Begin with the line that holds "Ingredients (vegetarian): potato" and retype through the last line of the listing below, exactly; pictures are not part of the copy.

[DATASET SECTION — start]

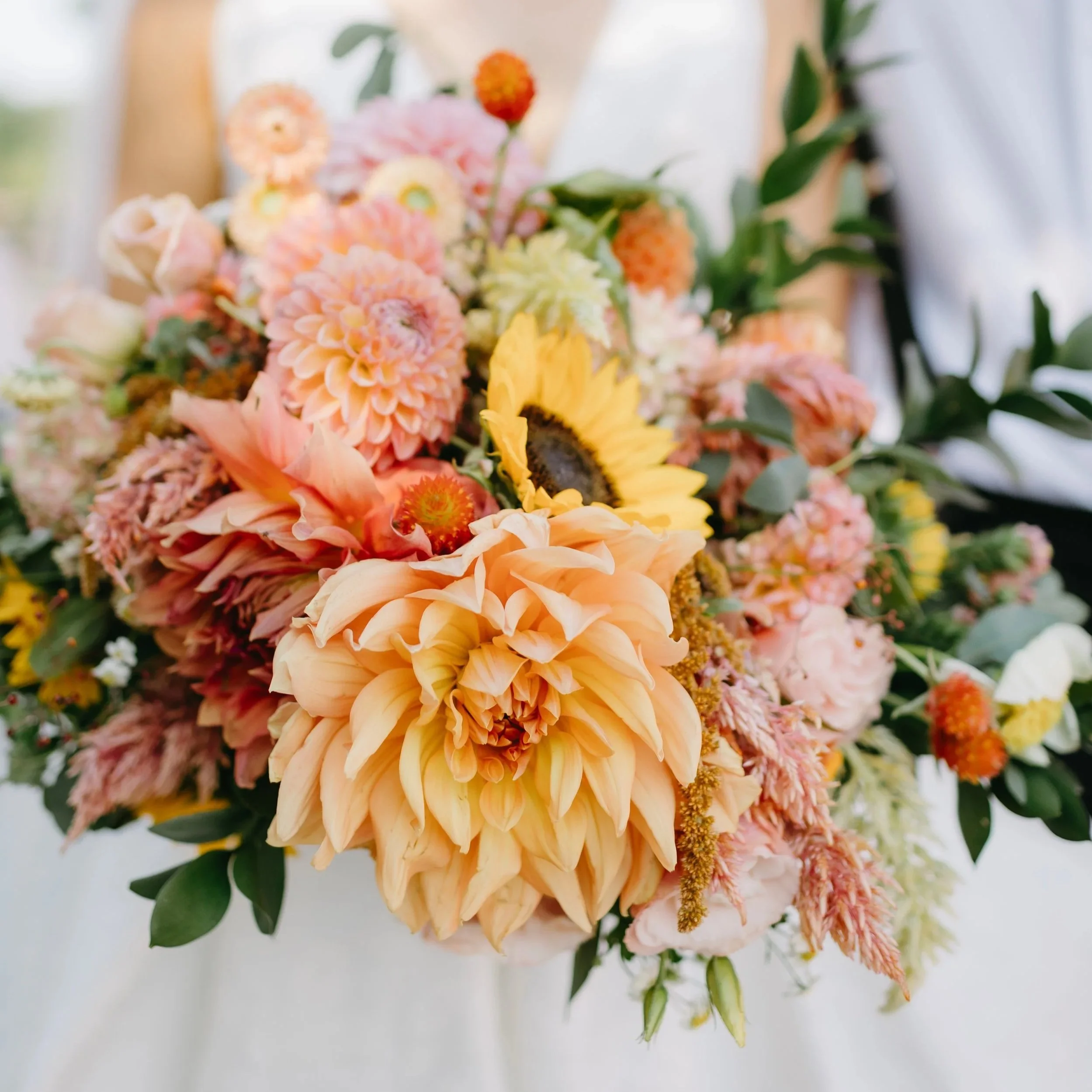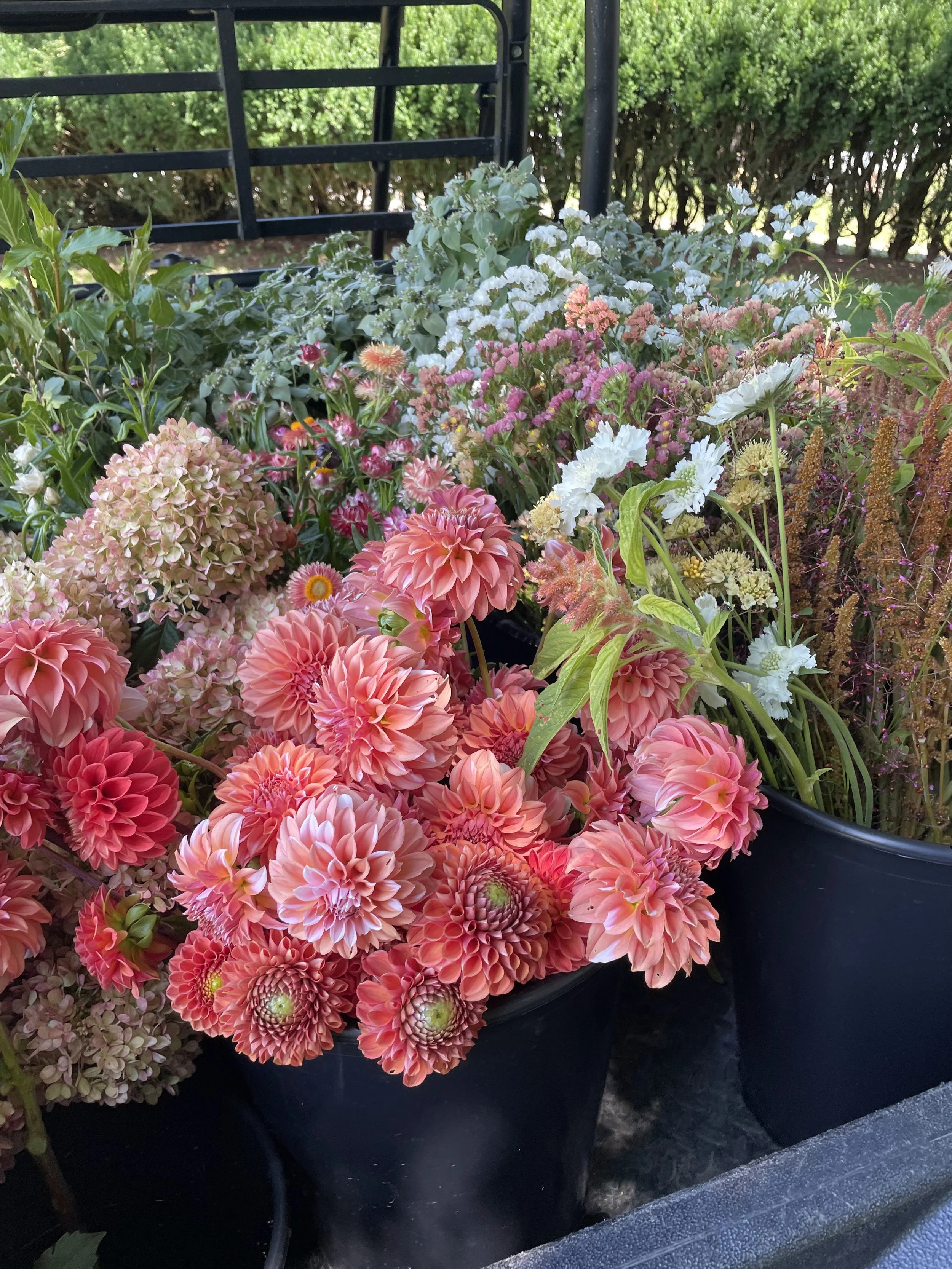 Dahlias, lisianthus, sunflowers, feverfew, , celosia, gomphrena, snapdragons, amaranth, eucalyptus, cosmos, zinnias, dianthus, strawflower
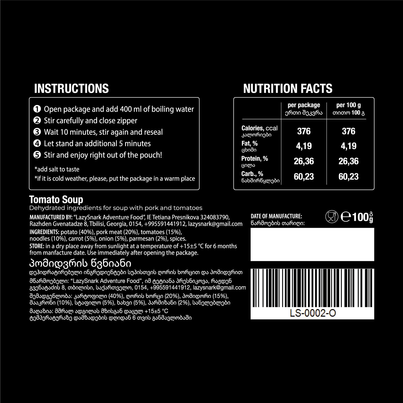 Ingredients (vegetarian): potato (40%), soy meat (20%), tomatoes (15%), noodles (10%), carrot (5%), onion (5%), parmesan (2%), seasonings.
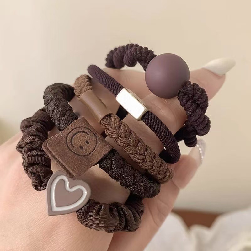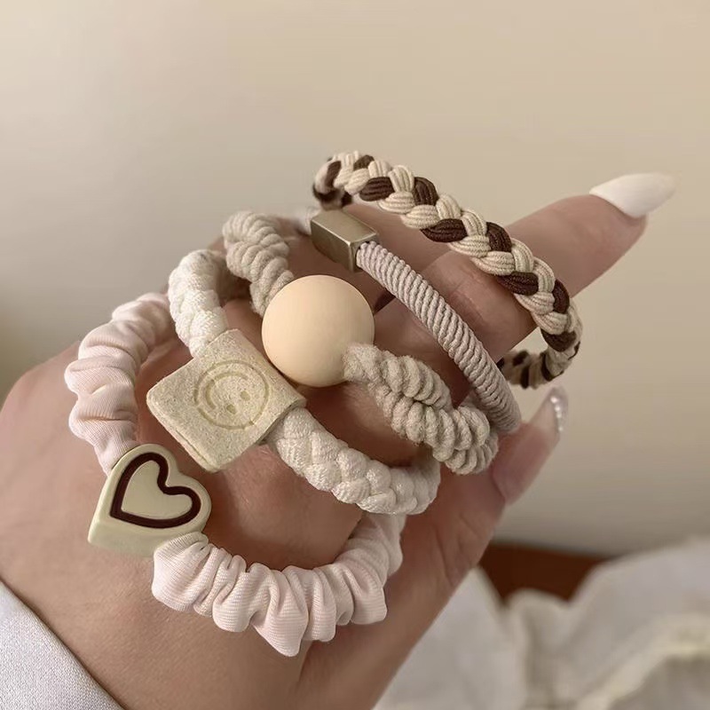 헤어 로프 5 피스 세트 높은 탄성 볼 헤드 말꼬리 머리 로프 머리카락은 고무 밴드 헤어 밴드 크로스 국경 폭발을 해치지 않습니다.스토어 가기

[DATASET SECTION — finish]

### EXERCISE SOLUTION
 Ingredients (vegetarian): potato (40%), soy meat (20%), tomatoes (15%), noodles (10%), carrot (5%), onion (5%), parmesan (2%), seasonings.
 헤어 로프 5 피스 세트 높은 탄성 볼 헤드 말꼬리 머리 로프 머리카락은 고무 밴드 헤어 밴드 크로스 국경 폭발을 해치지 않습니다.스토어 가기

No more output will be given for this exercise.